Germany, as part of the Central Powers, had been at war with Britain and the other Allies since 1914. Merchant shipping was vital to the Allied war effort, carrying material from the neutral United States across the Atlantic Ocean to Britain and France. From 4 February 1915 to 1 September 1915 Germany implemented unrestricted submarine warfare, in which merchant vessels were liable to sinking by U-boats without warning. The campaign was abandoned following American protests after the sinking of the liners Lusitania and Arabic, in which a number of US citizens were killed.
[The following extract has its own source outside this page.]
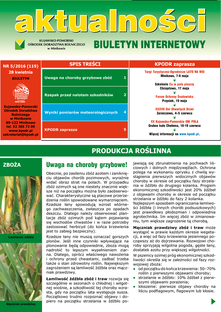 NR 5/2016 (119) 28 kwietnia biuletyn Spis treści Uwaga na choroby grzybowe zbóż KPODR zaprasza 1 Targi Turystyczno-Ogrodnicze LATO NA WSI Minikowo, 7-8 maja Szkolenie Co w polu piszczy Chrząstowo, 17 maja Rzepak przed nalotem szkodników Kujawsko-Pomorski Ośrodek Doradztwa Rolniczego w Minikowie 89-122 Minikowo tel. 52 386 72 00 www.kpodr.pl [email protected] 2 Forum Ochrony Środowiska Przysiek, 19 maja Wyniki pomiarów meteorologicznych 4 XXXVII Dni Otwartych Drzwi Zarzeczewo, 4–5 czerwca KPODR zaprasza 5 XX Kujawsko-Pomorskie DNI POLA Grubno koło Chełmna, 18-19 czerwca Więcej informacji na www.kpodr.pl. produkcja roślinna ZBOŻA Łamliwość źdźbła Mączniak prawdziwy Uwaga na choroby grzybowe! Obecnie, po zasileniu zbóż azotem i zaniknięciu objawów chorób pozimowych, wyraźnie widać obraz strat na polach. W przypadku zbóż ozimych są one niestety znacznie większe niż na początku można było zaobserwować. Charakterystyczne są placowe przerzedzenia roślin spowodowane wymarznięciem. Rzadsze łany spowodują wzrost wtórnego zachwaszczenia, zwłaszcza po opadach deszczu. Dlatego należy obserwować plantacje zbóż ozimych pod kątem pojawiania się wschodów chwastów i w razie potrzeby zastosować herbicyd (do końca krzewienia jest to zabieg bezpieczny). Rzadsze łany nie muszą oznaczać gorszych plonów. Jeśli inne czynniki wpływające na plonowanie będą odpowiednie, zboża mogą nadrobić to lepszym wypełnieniem ziarna. Dlatego, oprócz właściwego nawożenia i ochrony przed chwastami, zadbać trzeba także o stan zdrowotny roślin. Największym zagrożeniem są łamliwość źdźbła oraz mączniak prawdziwy. Łamliwość źdźbła zbóż i traw rozwija się szczególnie w sezonach o chłodnej i wilgotnej wiośnie, a szkodliwość tej choroby wzrasta, gdy na początku lata występuje susza. Początkowo trudno rozpoznać objawy i dopiero na początku strzelania w źdźbło po- jawiają się zbrunatnienia na pochwach liściowych i dolnych międzywęźlach. Ochrona polega na wykonaniu oprysku z chwilą wystąpienia pierwszych widocznych objawów choroby w okresie od początku fazy strzelania w źdźbło do drugiego kolanka. Progiem ekonomicznej szkodliwości jest 20% źdźbeł z objawami choroby w okresie od początku strzelania w źdźbło do fazy 2 kolanka. Najlepszym sposobem ograniczania łamliwości źdźbła (i innych chorób podsuszkowych) jest prawidłowy płodozmian i odpowiednia agrotechnika. Im więcej zbóż w zmianowaniu, tym większe zagrożenie tą chorobą. Mączniak prawdziwy zbóż i traw może wystąpić w prawie każdym okresie wegetacji, a więc od fazy krzewienia jesiennego począwszy aż do dojrzewania. Rozwojowi choroby sprzyjają wilgotna pogoda, gęste łany, dostatek azotu przy większej wilgotności. W pszenicy ozimej próg ekonomicznej szkodliwości określa się w zależności od fazy rozwojowej zboża: l od początku do końca krzewienia: 50–70% roślin z pierwszymi objawami choroby; l strzelanie w źdźbło: 10% źdźbeł z pierwszymi objawami porażenia; l kłoszenie: pierwsze objawy choroby na liściu podflagowym, flagowym lub kłosie. zboża Zagrożenie chorobą wzrasta wraz ze wzrostem roślin. Jest to spowodowane tym, że mączniak osłabiając rośliny ułatwia ich porażenie także przez inne grzyby. Przy jednoczesnym wystąpieniu łamliwości i mączniaka warto rozważyć zastosowanie środka zarejestrowanego do zwalczania obu chorób. Wtedy próg ekonomicznej szkodliwości wystarczy określić tylko dla jednej z nich. Rzepak Spośród wielu gatunków owadów żerujących na rzepaku, najgroźniejszym w Polsce jest słodyszek rzepakowy. Chociaż rozpoznanie chrząszczy tego owada nie sprawia trudności żadnemu plantatorowi, to jednak szkodnik ten ciągle wyrządza duże straty. Coraz częściej również szkodniki łuszczynowe atakują plantacje przekwitającego rzepaku i coraz bardziej obniżają plon. Dlatego krótko przed „zażółceniem się” pól warto przypomnieć sobie o tych szkodnikach. słodyszek rzepakowy 2 Słodyszek rzepakowy jest owalnym chrząszczem z rodziny łyszczynkowatych, wielkości 1,5–2,5 mm, o zielononiebieskawym połysku. Pojawia się wiosną, gdy temperatura gleby wynosi 10–11°C. Początkowo odżywia się pyłkiem i nektarem kwiatów innych gatunków roślin. Gdy temperatura osiągnie 15°C, a wegetacja rzepaku osiąga fazę początku rozwoju pąków kwiatowych, słodyszek nalatuje na plantacje rzepaczane. Chrząszcze przegryzają pąki, aby dostać się do pyłku kwiatowego, którym się żywią. Powstałe w ten sposób uszkodzenia powodują usychanie i odpadanie pąków. Efektem żerowania we wczesnym stadium rozwojowym pąka kwiatowego są same szypułki kwiatowe, bez zawiązanych łuszczyn. Najgroźniejszy dla upraw jest słodyszek żerujący na roślinach rzepaku w fazie zwartego kwiatostanu. Największe uszkodzenia powstają w niewyrośniętych jeszcze pąkach kwiatowych, ponieważ samice wygryzają w nich dość duży otwór, by dostać się do nasady pylników, gdzie składają pojedynczo jaja. Po kilku dniach wylęgają się larwy, których głównym pożywieniem jest pyłek kwiatowy i nektar. W tym roku łany zbóż ozimych są znacznie przerzedzone, w związku z czym należy ostrożnie stosować regulatory wzrostu (preparaty do skracania źdźbła). Ich użycie może być na większości pól zbędne. Jest ono konieczne tylko na plantacjach o dużej gęstości roślin, na których planowane jest bardzo wysokie nawożenie azotowe. Marek Radzimierski Termin nalotu słodyszka zależy od przebiegu pogody; w tym roku będzie to zapewne stosunkowo późno. Jednak trzeba pamiętać, że im bardziej zwarty pąk, tym większe straty powodowane przez tego szkodnika. Kwitnący rzepak nie jest już narażony na szkody wyrządzane żerem chrząszczy; w tym stadium rozwoju roślin słodyszek może nawet przyczynić się do lepszego zapylenia rzepaku, poprzez przenoszenie pył

By 1916 there had been no major breakthrough in the war on land or sea and arguments were made by the military to resume unrestricted submarine warfare. This was opposed by the civilian government of Chancellor Theobald von Bethmann Hollweg, who had the support of Vice-chancellor Karl Helfferich and Foreign Secretary Gottlieb von Jagow, on the basis that it would turn the remaining neutral powers against Germany. Bethmann Hollweg and Helfferich again voiced the government's concerns over the policy in a meeting with military figures at Schloss Pleß, a palace in Silesia used by Kaiser (German Emperor) Wilhelm II, on 29 December, but stated that the final decision must lie with Wilhelm. A meeting of the German Crown Council to discuss the matter was planned for 9 January 1917.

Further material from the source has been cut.